WHAT TO DO: Only those lines in the data below from the line containing "- 規格:特大號型閉門器【銀色65-85KG】【全自動關門】" through the line containing "Apartamento de 38m² com 2 quartos em Vila Ré", both included, should be restated word for word.

[INPUT]

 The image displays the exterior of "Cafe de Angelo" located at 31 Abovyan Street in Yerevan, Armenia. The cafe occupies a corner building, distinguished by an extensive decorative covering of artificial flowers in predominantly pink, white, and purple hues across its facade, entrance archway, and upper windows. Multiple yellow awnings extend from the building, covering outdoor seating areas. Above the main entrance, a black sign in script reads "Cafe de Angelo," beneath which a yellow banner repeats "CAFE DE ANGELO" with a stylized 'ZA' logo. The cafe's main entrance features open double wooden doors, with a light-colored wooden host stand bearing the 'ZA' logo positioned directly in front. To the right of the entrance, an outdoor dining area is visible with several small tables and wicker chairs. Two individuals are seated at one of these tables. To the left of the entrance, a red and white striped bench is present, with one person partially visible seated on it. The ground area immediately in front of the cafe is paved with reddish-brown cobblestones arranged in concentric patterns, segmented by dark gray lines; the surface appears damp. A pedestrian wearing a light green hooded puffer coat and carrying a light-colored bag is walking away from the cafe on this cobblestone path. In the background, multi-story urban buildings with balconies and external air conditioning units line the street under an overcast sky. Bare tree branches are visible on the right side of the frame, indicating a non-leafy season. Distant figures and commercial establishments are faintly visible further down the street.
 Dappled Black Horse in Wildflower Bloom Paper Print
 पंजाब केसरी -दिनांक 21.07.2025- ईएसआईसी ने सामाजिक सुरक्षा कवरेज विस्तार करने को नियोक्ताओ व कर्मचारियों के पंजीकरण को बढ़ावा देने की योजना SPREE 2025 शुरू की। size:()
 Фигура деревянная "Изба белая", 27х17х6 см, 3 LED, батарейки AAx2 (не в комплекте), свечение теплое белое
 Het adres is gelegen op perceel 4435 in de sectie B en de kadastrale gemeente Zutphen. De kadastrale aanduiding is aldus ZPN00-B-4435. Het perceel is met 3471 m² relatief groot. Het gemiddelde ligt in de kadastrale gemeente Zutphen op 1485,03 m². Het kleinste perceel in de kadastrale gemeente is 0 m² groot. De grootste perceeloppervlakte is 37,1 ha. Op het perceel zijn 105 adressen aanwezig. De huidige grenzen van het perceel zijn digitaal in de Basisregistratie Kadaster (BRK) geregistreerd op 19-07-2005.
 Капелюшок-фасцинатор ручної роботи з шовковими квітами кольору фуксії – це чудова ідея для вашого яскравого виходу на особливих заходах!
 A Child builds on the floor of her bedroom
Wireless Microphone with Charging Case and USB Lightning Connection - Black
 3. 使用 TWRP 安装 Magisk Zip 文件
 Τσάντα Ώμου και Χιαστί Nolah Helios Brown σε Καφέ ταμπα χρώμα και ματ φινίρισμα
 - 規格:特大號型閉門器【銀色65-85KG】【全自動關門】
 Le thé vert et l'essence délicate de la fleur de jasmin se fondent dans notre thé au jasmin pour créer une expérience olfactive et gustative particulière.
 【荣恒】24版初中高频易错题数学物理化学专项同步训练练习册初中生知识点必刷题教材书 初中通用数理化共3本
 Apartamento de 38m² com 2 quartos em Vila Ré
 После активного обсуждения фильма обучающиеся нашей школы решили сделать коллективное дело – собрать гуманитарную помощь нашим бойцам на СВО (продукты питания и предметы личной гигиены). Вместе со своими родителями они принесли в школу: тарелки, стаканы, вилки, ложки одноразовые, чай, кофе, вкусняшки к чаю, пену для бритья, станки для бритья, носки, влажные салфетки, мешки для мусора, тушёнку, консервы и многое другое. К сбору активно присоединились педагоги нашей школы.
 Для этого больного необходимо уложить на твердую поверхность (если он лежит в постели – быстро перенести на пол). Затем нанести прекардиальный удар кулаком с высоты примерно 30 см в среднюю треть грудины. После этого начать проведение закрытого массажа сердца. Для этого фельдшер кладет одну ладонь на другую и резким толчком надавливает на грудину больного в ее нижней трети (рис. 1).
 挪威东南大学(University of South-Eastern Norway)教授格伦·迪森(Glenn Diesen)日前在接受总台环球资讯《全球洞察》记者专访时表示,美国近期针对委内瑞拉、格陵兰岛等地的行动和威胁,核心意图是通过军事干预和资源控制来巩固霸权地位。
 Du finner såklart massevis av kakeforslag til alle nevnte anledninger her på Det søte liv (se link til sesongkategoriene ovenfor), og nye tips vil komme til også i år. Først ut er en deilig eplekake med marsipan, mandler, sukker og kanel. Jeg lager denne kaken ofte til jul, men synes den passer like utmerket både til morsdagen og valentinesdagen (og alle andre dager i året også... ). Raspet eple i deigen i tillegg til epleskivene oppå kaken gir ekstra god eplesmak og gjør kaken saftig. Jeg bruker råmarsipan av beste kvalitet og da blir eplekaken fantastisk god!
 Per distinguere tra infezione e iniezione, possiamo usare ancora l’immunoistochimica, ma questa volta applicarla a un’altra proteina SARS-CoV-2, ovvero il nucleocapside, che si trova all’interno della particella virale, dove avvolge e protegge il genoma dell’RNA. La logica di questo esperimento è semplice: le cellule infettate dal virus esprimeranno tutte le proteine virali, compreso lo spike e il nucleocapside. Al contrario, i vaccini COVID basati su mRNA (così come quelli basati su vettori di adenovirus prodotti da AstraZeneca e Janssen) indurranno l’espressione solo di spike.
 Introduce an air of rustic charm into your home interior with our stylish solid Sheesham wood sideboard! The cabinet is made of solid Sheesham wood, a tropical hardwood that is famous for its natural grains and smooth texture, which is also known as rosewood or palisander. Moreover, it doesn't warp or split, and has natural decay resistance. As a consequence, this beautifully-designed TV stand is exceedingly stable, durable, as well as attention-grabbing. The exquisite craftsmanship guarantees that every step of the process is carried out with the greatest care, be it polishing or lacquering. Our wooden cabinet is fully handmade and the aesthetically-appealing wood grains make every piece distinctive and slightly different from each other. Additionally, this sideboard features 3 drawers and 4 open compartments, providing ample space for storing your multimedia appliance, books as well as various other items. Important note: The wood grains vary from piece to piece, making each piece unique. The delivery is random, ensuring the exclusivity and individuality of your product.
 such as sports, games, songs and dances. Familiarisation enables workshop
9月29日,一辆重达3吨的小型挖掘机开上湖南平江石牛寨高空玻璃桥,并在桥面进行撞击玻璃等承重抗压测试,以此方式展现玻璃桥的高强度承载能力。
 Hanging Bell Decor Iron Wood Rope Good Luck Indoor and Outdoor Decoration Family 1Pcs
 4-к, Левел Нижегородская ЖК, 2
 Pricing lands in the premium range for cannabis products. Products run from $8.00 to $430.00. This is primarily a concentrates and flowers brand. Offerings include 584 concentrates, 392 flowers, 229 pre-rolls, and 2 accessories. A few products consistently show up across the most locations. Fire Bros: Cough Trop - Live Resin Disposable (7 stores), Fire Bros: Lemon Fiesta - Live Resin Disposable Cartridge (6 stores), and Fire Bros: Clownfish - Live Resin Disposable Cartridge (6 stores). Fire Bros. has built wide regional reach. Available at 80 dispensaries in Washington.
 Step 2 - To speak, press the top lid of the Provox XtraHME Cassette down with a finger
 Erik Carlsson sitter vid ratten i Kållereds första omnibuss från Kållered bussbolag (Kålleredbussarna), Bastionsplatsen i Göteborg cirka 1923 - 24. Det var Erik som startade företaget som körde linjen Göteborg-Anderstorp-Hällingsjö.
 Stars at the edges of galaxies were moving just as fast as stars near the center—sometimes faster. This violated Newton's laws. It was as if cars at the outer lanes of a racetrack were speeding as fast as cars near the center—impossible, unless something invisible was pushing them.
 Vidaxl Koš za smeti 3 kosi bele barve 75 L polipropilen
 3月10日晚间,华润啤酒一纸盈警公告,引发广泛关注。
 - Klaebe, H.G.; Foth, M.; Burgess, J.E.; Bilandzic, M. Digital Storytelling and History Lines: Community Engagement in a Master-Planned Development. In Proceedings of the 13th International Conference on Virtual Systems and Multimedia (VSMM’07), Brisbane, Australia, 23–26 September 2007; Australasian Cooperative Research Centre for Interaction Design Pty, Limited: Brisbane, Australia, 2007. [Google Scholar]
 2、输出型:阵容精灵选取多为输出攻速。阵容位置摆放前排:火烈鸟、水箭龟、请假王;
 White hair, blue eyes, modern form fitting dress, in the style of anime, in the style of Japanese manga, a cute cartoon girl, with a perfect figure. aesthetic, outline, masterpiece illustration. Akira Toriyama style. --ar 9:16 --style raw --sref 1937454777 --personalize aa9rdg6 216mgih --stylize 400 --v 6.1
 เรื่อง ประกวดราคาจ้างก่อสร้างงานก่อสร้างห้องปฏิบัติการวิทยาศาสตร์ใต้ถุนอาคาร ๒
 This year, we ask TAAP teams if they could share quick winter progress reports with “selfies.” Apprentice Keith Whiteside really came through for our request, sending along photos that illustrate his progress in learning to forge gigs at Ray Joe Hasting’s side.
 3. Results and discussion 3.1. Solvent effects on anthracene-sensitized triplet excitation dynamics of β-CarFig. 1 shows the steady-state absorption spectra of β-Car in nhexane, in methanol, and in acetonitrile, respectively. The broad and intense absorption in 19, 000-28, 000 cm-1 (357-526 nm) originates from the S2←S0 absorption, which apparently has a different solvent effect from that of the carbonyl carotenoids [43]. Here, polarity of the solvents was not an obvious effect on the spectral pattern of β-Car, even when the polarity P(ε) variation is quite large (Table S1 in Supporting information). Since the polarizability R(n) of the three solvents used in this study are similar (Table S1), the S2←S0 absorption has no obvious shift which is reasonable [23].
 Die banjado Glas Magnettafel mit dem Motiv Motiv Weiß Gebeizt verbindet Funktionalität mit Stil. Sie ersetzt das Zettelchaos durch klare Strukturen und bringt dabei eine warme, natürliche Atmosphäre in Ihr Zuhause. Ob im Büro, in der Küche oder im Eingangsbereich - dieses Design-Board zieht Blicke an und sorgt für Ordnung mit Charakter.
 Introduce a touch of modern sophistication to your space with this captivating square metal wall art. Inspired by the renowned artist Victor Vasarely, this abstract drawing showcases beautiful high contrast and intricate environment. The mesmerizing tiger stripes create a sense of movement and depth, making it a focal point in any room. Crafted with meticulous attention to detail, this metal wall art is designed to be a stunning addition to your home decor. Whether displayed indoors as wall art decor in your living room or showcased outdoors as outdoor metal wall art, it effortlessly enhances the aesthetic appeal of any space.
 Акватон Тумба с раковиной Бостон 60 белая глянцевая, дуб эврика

[/INPUT]

ANSWER SPACE:
 - 規格:特大號型閉門器【銀色65-85KG】【全自動關門】
 Le thé vert et l'essence délicate de la fleur de jasmin se fondent dans notre thé au jasmin pour créer une expérience olfactive et gustative particulière.
 【荣恒】24版初中高频易错题数学物理化学专项同步训练练习册初中生知识点必刷题教材书 初中通用数理化共3本
 Apartamento de 38m² com 2 quartos em Vila Ré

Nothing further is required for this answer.